Karl Wilhelm Diefenbach (en collaboration avec Fidus), Per aspera ad astra, frise de silhouettes en 34 panneaux, 1892, 1er panneau, 100 × 200 cm.
Reproduction tirée de : Per aspera ad astra. Schattenfries von K.W. Diefenbach unter Mithilfe seines ehemaligen Schülers Fidus, B. G. Teubner, Leipzig/Berlin, 1914.
Nu au matin du monde
De par leur habitus corporel, les activistes du nudisme permanent mimaient le plus souvent la transhumanité sublime des prophètes, des saints et des anges. Mais dans les élaborations théoriques, les modèles régressifs, en termes de civilisation voire d’évolution, jusqu’à « l’infrahumain », animal et végétal, bénéficiaient d’une relative estime, surprenante de prime abord. Pudor rend hommage à Diogène21, qui, s’il fut surnommé « le cynique », l’avait assurément « cherché », notamment par son impudeur ou a-pudeur animale, canine. Le même Pudor recommandait aux hommes de vivre au ralenti l’hiver, de ne manger presque rien, faute d’aliments (d’origine végétale), de dormir beaucoup et… de s’attarder sur les rivages, en compagnie des mouettes et des animaux marins22. En ces quelques mots, Pudor campait un paysage de « matin du monde », froid, plutôt que tropical. En toute logique, il disait souhaiter à l’homme de retrouver le pelage qu’il avait perdu après avoir adopté le vêtement23. Dans le même registre, Wilhelm Bölsche (1861-1939), écrivain-philosophe, ami et admirateur de Diefenbach, et surtout de son disciple Fidus (1868-1948), qu’il côtoyait à Friedrichshagen24, fantasmait sur les hommes des cavernes, blottis nus autour de « la flamme rouge de leur âtre », tandis qu’« au dehors, les glaciers de l’ère glaciaire luis[ai]ent du reflet des étoiles, et mugi[ssai]t la tempête25 ». Le vulgarisateur scientifique de talent qu’était Bölsche discernait là « l’image du paradis selon la recherche moderne ». Les Eskimos, derniers représentants de « l’homme de l’ère glaciaire », eux aussi nus dans leurs huttes chauffées, avaient toute sa sympathie26. Même les Fuégiens, pourtant décriés comme dégénérés depuis leur « découverte » au xviiie siècle, du fait de leur semi-nudité en zone subantarctique27, trouvaient grâce dans la mouvance protonudiste. Ils étaient cités en exemple pour leur aptitude à la semi-nudité permanente, en dépit de conditions climatiques des plus rudes28. Néanmoins, les références à une transhumanité sublime, à l’opposé absolu de « l’infrahumaine », sont de loin les plus nombreuses chez les théoriciens du nudisme permanent.

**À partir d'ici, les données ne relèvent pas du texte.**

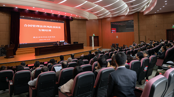 10月21日,凯发k8官网在院一期三楼报告厅组织召开全院法律合同知识培训会,特邀院法律顾问、重庆百君律师事务所高级合伙人周炜律师作《合同管理法律风险及防范》专题培训,会议由院纪委书记曾学东主持,院机关处室负责人、院属组织领导班子成员、各单位、各部门合同管理和经办人员等共计110余名干部职工参加学习。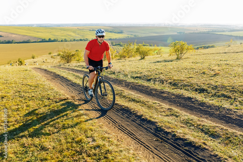 Bike adventure travel photo. Bike tourist rides on the country road. Sunset on background.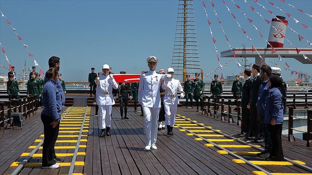 SAMSUN (AA) - Samsun'da 19 Mayıs kutlamaları kapsamında, Gençlik ve Spor Bakanlığı ile Milli Savunma Bakanlığının ortak çalışması "TCG Anadolu ile Mavi Vatanda İstanbul'dan Samsun'a Milli Mücadele Yolculuğu"nda, Türkiye'nin en büyük yerli ve milli askeri gemisiyle 81 ilden Samsun’a gelen gençlerin taşıdığı Türk bayrağı askerlere teslim edildi.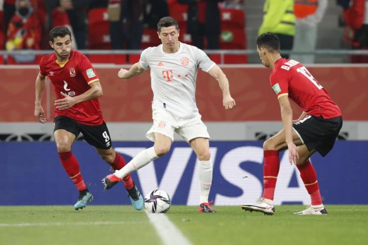 وسجل ليفاندوفسكي هدفي فوز بايرن على الأهلي في المربع الذهبي لمونديال الأندية.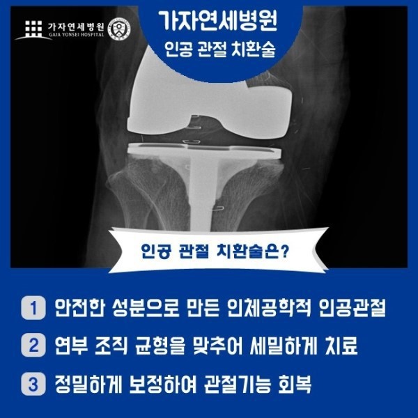 인공 관절 치환술은 관절의 손상이 회복하기 힘들 정도로 심하고
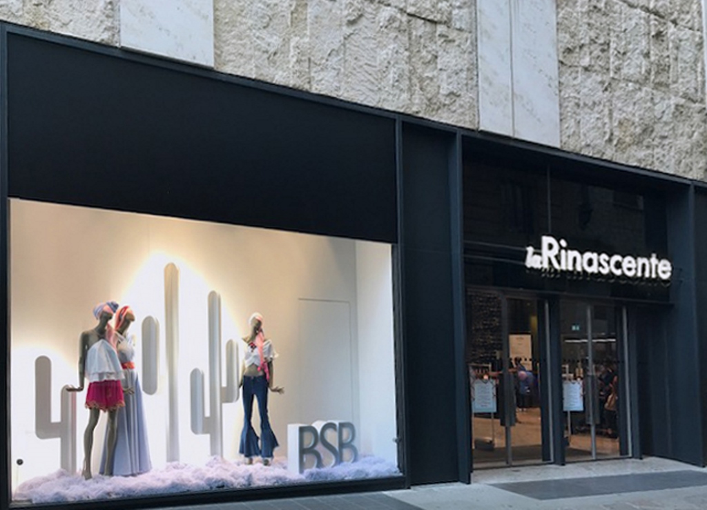 Σηματοδοτώντας την δυναμική πορεία και εξέλιξη του brand αλλά και την αποδοχή του από τις Ευρωπαϊκές μητροπόλεις της μόδας, η BSB «κατέκτησε» δικαίως μια ξεχωριστή θέση στην κεντρική εξωτερική βιτρίνα του εμπορικού κέντρου LA RINASCENTE. Eπιπλέον, το τμήμα styling του εμπορικού κέντρου επέλεξε και έντυσε τις κούκλες στις κυλιόμενες σκάλες που οδηγούν στον 1ο όροφο -fashion section- αποκλειστικά με ρούχα BSB!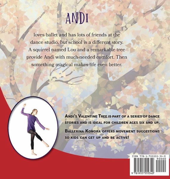 Andi loves ballet and friends at the studio, but school is a different story. A squirrel named Lou and a remarkable tree provide much-needed comfort. Then something magical makes life even better. A touching story celebrating the beauty of nature, embracing one's own passions, and forgiveness. Ballerina Konora joins the pages with dance photos and suggestions for movement exploration. Three books in one: readers can enjoy the story, act out the tale in their own way, or try Konora's suggested activities, designed by an award-winning ballet teacher to develop body awareness and movement knowledge. Each Dance-It-Out! story is a kids' dance performance for the imagination stage. Andi's Valentine Tree builds on previous Dance-It-Out! material and is ideal for ages 6+, dance students, or as a sequel to other stories.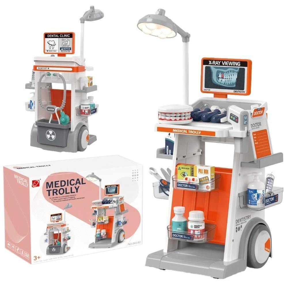 Rozbudowany zestaw dentystyczny z wózkiem na kółkach. Zabawka umożliwia odgrywanie ról, co pomaga dzieciom oswoić się z wizytą u stomatologa. Świetnie rozwija wyobraźnię i uczy troski o zdrowie. Dzięki realistycznemu wykonaniu dziecko poczuje się jak prawdziwy dentysta.
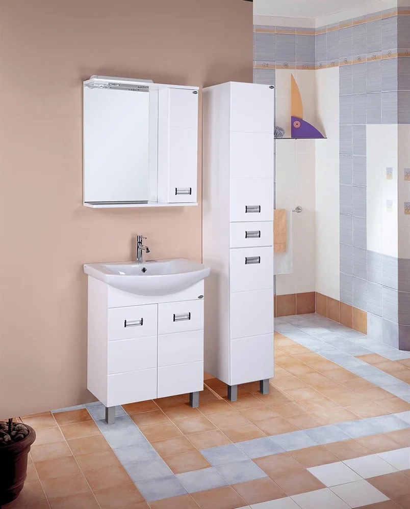 Глянцевый белый цвет фасада, ненавязчивая горизонтальная фрезеровка, врезные хромированные ручки и аккуратная лаконичность - все это позволяет коллекции Балтика стать центральным звеном интерьера ванной комнаты.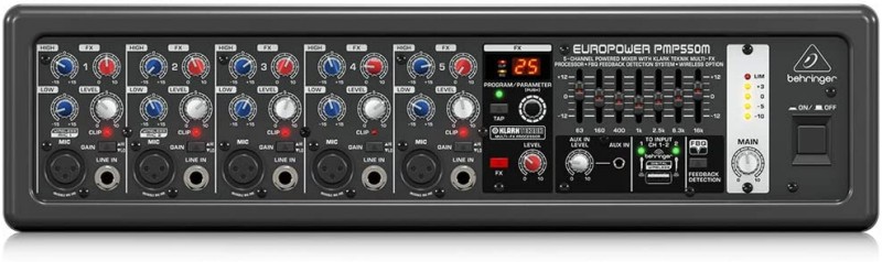 500-Watt 5-Channel Powered Mixer with Klark Teknik Multi-FX Processor, FBQ Feedback Detection System and Wireless Option Ultra-compact 500-Watt powered mixer Revolutionary Class-D amplifier technology: enormous power, incredible sonic performance and super-light weight Ultra-high quality KLARK TEKNIK FX processor with 25 presets including reverb, chorus, flanger, delay, pitch shifter and various multi-effects Revolutionary FBQ Feedback Detection system instantly reveals critical frequencies for easy feedback removal “Wireless-ready” for high-quality BEHRINGER digital wireless system (not included)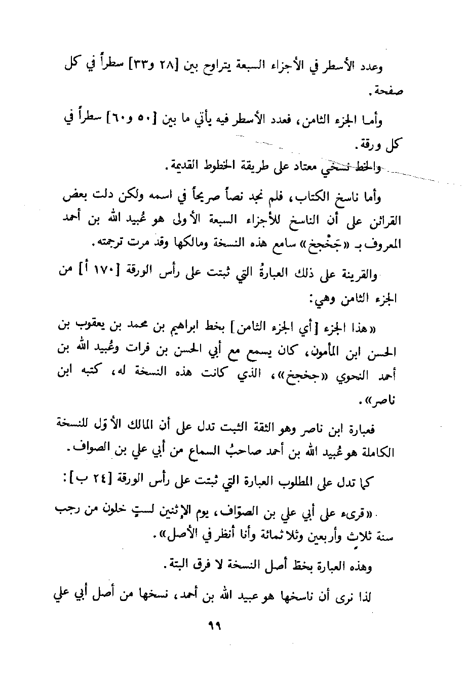 والقرينة على ذلك العبارة التي ثبتت على رأس الورقة (170 أ) من الجزء الثامن وهي: " هذا الجزء (أي الجزء الثاني) بخط ابراهيم بن محمد بن يعقوب بن الحسن ابن المأمون، كان يسمع مع أبي الحسن بن فرات وعبيد الله بن أحمد النحوي " جخجخ "، الذي كانت هذه النسخة له، كتبه ابن ناصر ".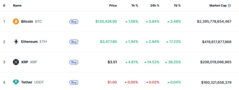 리플이 랠리하자 다른 주요 암호화폐도 일제히 상승하고 있다. 시총 1위 비트코인은 0.84% 상승한 12만428달러를 기록하고 있다.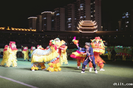 晚上7时整,县民族文化体育中心已是人山人海,13条龙灯,32只狮子,蓄势待发。龙灯金光闪闪,鳞片在月光下熠熠生辉;狮子威风凛凛,鬃毛在微风中轻轻摆动。
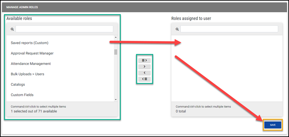 In order to assign custom roles to a professional, select all of the applicable roles that will be assigned to this user. Once these roles have been selected, you must select Save in order to continue.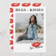 Perfect for a boyfriend, husband, or lover, this flirty Polaroid-inspired Valentine's Day card features a large photo with a hand-drawn kiss illustration overlay. The "Hugs + Kisses" greeting is prominently placed at the top of the card in a bold serif font, while a modern cursive font is used for the customer's name below. A coordinating kiss pattern is featured on the back side of the card.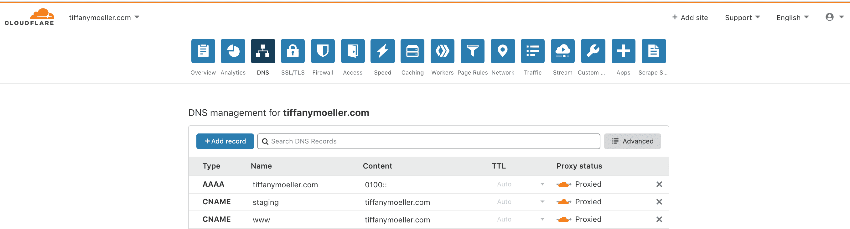 To create a new staging subdomain, all you need to do is add a new CNAME record in your Cloudflare DNS settings to point staging to your root domain! This is what it looked like when I configured mine: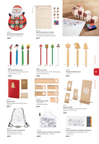 77DOPLNKY VIANO%u010cN%u00c951812.01Viano%u010dn%u00e9 puzdro na pastelky na vyfarbenieZ netkanej RPET tkaniny so zap%u00ednan%u00edm na zips a 5 voskovkami.0,67 %u20ac85350.35Viano%u010dn%u00e9 dreven%u00e9 pi%u0161kvorkyFSC%u00ae-certiffled. 17,5x24,3x1,5 cm4,06 %u20ac37416.01Viano%u010dn%u00e1 z%u00e1stera pre deti na vyfarbenie Z netkanej RPET tkaniny. 5 voskoviek.0,88 %u20ac49891.Viano%u010dn%u00e9 gu%u013e%u00f4%u010dkov%u00e9 peroDreven%u00e9 pero s viano%u010dnou fflg%u00farkou navrchu. S modrou n%u00e1pl%u0148ou. 15 cm0,80 %u20ac86410.47%u0160portov%u00e9 vrecko na vyfarbenie Z netkanej text%u00edlie, 3 voskovky.Mix r%u00f4znych mot%u00edvov. 29 %u00d7 25 cm0,83 %u20ac91391.Viano%u010dn%u00e1 ceruzkaDreven%u00e1 ceruzka s gumou v tvare viano%u010dnej fflg%u00farky, orezan%u00e1. Kvalita HB. 19 cm0,25%u20ac35 81 76 31 35B 35D 86A 01CVIANO%u010cN%u00c957745.Stojan na mobilZ bambusovej preglejky s vyrez%u00e1van%u00fdm viano%u010dn%u00fdm mot%u00edvom. 7 %u00d7 14,5 %u00d7 5,7 cm1,82 %u20ac17A17B17C17C04835.00Bambusov%u00e9 prav%u00edtko12 cm prav%u00edtko z bambusovej preglejky.0,64 %u20ac8483 0099 307859537.07Viano%u010dn%u00e9 pe%u010diatky so vrec%u00fa%u0161ku Sada 8 dreven%u00fdch viano%u010dn%u00fdch pe%u010diatok a %u0161tvorfarebn%u00e9ho pe%u010diatkov%u00e9ho atramentu.2,62 %u20ac37900.17Viano%u010dn%u00e9 gu%u013e%u00f4%u010dkov%u00e9 pero1,2 x 15 cm0,91 %u20ac21731.35Viano%u010dn%u00fd blokBlok A6 z recyklovan%u00e9ho kraftov%u00e9ho papiera 1,2 x 15 cm0,67 %u20acA17B C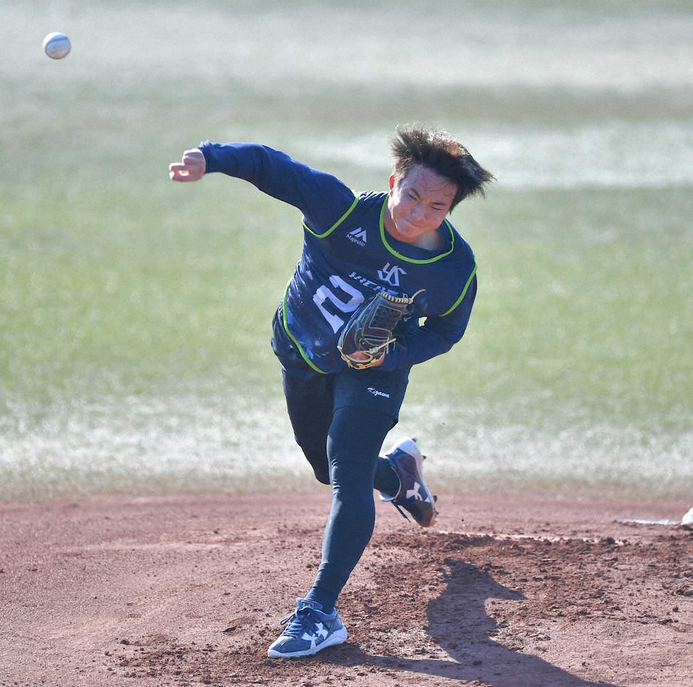 「トラックマンで測っていただけるということだったので」と、新人合同自主トレで初めて球場マウンドから投球練習。22球を投げた最速155キロの即戦力右腕は、潜在能力の高さをうかがわせた。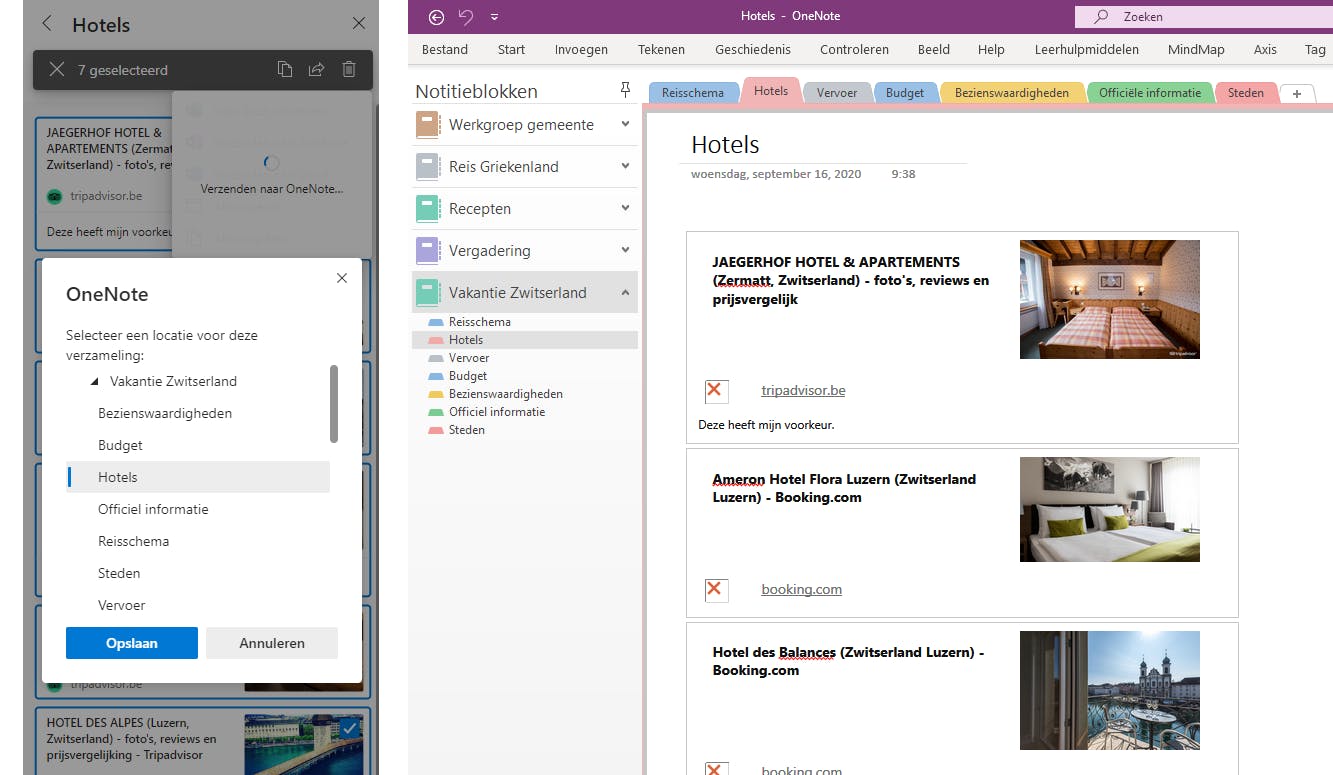 Reisplannen maken met Edge Collecties en OneNote
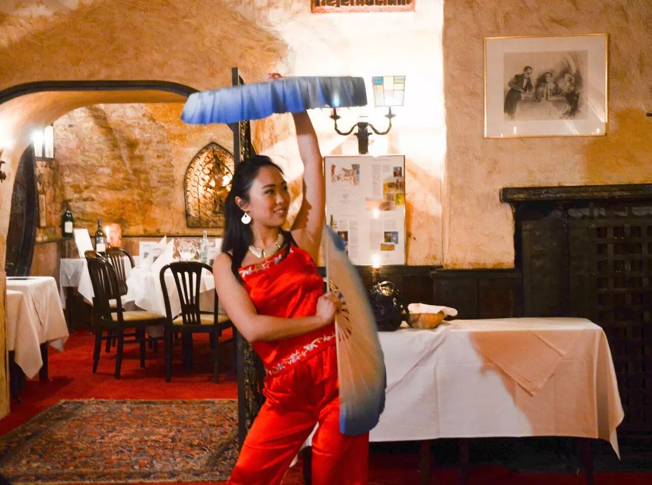 与往年一样,活动中穿插了富有中国特色的中国文艺表演。来自南京的叶林先生是一位来自法兰克福歌剧院交响乐团的小提琴音乐家,他以《新春乐》开场,在晚宴后表演的《新疆之春》和《渔舟唱晚》乐曲优雅、技艺精湛,将晚会推向了一个高潮。新疆是丝绸之路的必经之地,正好切合晚会的主题。此外,范琳靓小姐为大家表演的中国民族舞《云南花灯舞-螃蟹调》,节奏欢快,韵律甜美,生动地再现了一个在水边捉螃蟹的小姑娘的欢乐,赢得了在座宾客的频频掌声。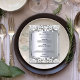 An elegant and glamorous wedding menu. Black and white watercolored roses as decor. Templates for your names, date and the wedding menu. A faux silver frame and a faux silver metallic looking background color. Black colored letters.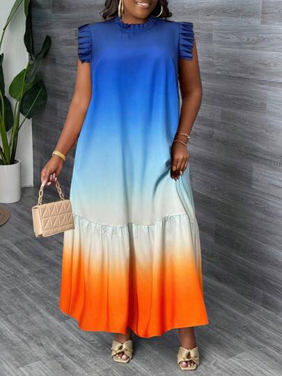 Slaydiva Plus Vacation & Daily Leisure & Daily Outing Loose Gradient Print Sleeveless Ruffle Stitching Ruffle Stitching Stand Collar Women's Plus Size Extra Long Dress 2025 Spring And Summer - Multicolor - View 1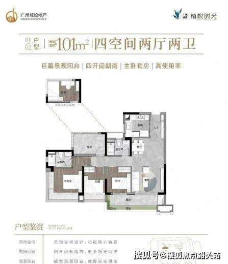 101㎡四房两厅两卫:双卧套房设计,主卧带独立卫浴,适合二胎及三代同堂家庭,空间宽敞舒适。

Jésus, serviteur de la nudité, ou le vêtement foulé au pied
Dans la mouvance protonudiste des années 1885-1909, la figure la plus souvent prise et/ou donnée en modèle est, aussi étonnant que cela puisse paraître, Jésus, dans son existence terrestre, qui seule intéressait ces théoriciens et praticiens, ralliés au « monisme ». Au xviiie siècle, Jésus avait été interprété comme prophète de la « religion naturelle », le xixe siècle y ajouta d’abord la justice sociale, puis une auto-rédemption d’apparentement bouddhiste, illustrée principalement par Schopenhauer. Sous l’Empire wilhelminien, après 1871, Jésus fut mobilisé finalement pour tous les réformismes « doux », jusqu’à la « dignification » de la femme29, – et, plus spécialement, pour la nudité ou semi-nudité permanente. Cet état de fait amena le médecin-écrivain Oskar Panizza (1853-1921) à proposer un psychogramme, modérément pathologique, valable tout à la fois pour Diefenbach, Pudor et Jésus30. Quelques années auparavant, Friedrich Engels avait, pour sa part, procédé à une contextualisation « socio-idéologique » des « réformateurs de cagibi » (Winkelreformer), qui visait les mêmes Diefenbach et consorts, sans indications de noms – sans doute eût-ce été leur faire trop d’honneur. L’apparition de ce genre de personnages constituait typiquement un phénomène collatéral, mineur, d’un bouleversement radical, en cours. Ils étaient de l’espèce des exaltés, illuminés et imposteurs qui s’étaient déjà manifestés à la fin de l’époque romaine dans le « champ d’attraction du christianisme » : autrement dit, de l’espèce des sectaires gnostiques31. Engels et Panizza, bien que pourvus d’outils intellectuels très différents, le premier, de tout l’appareil conceptuel de Marx, le second, des seules catégories anthropologiques de Lombroso, – ces deux personnages, si dissemblables, s’accordaient, néanmoins, pour renvoyer sur les rives du Jourdain les protonudistes. Leur habitus et leurs habits le suggéraient fortement mais aussi leurs « enseignements ».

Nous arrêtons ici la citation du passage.